[Aim of the exercise]
Before printing the listing, strip out its pictures and keep everything else exact.

*** Opening Raw data ***

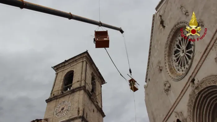 norcia (pg) - avanzamento lavori di cerchiaggio della torre civica
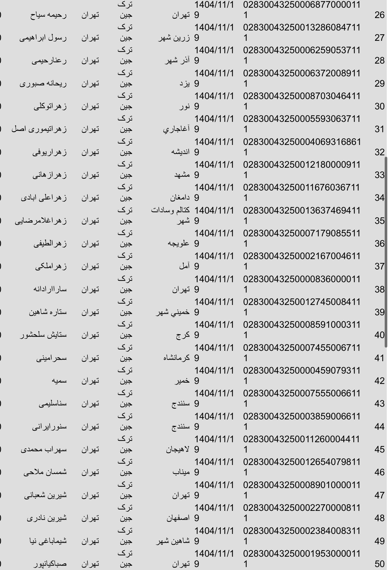 سفارشات ثبتی تا ۳ آبان
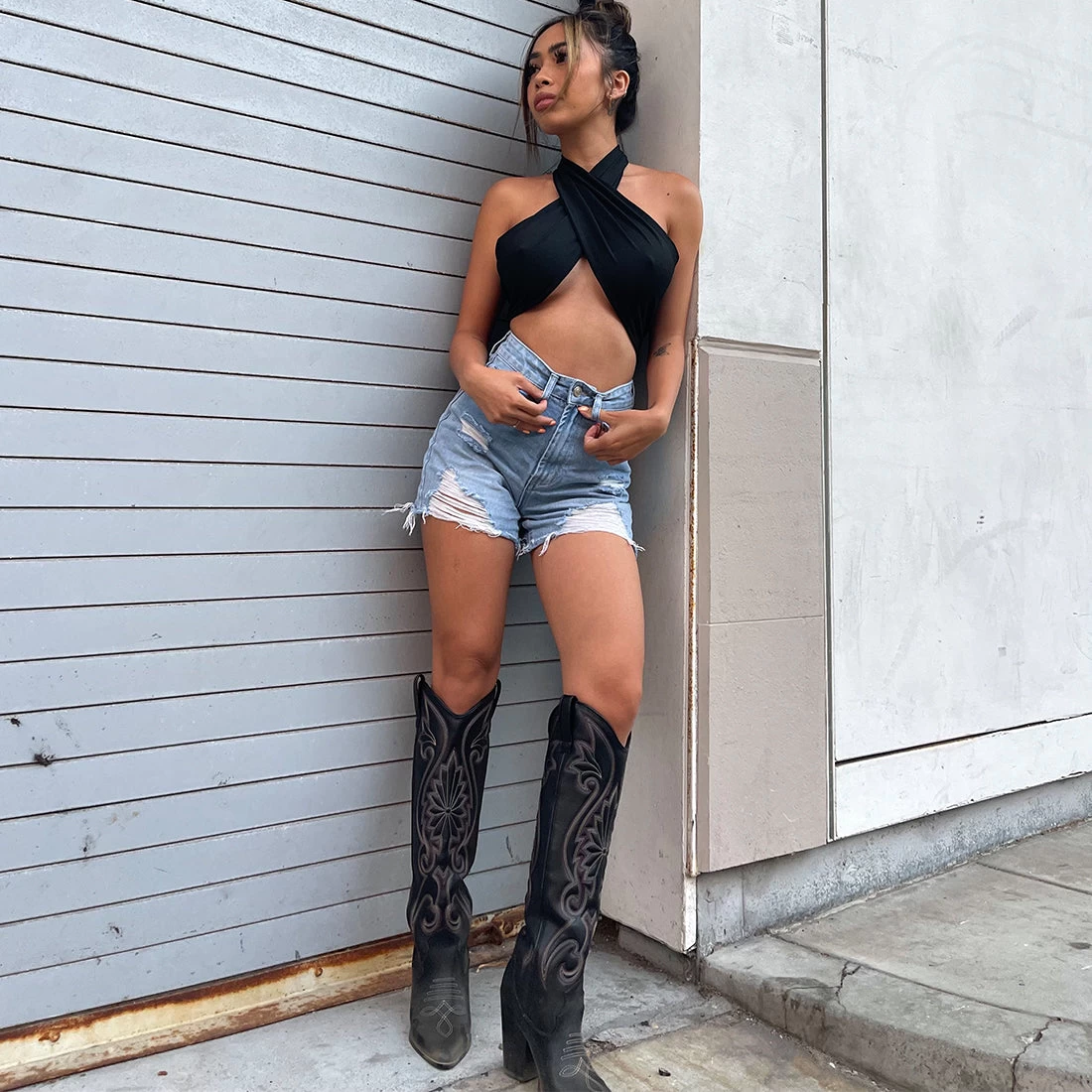 A Western boot is a requirement for any wardrobe and we’re obsessed with LASSO. This knee-high pair features whip-stitching detail and a towering block heel.

*** Closing Raw data ***

[Task solution]
 norcia (pg) - avanzamento lavori di cerchiaggio della torre civica
 سفارشات ثبتی تا ۳ آبان
 A Western boot is a requirement for any wardrobe and we’re obsessed with LASSO. This knee-high pair features whip-stitching detail and a towering block heel.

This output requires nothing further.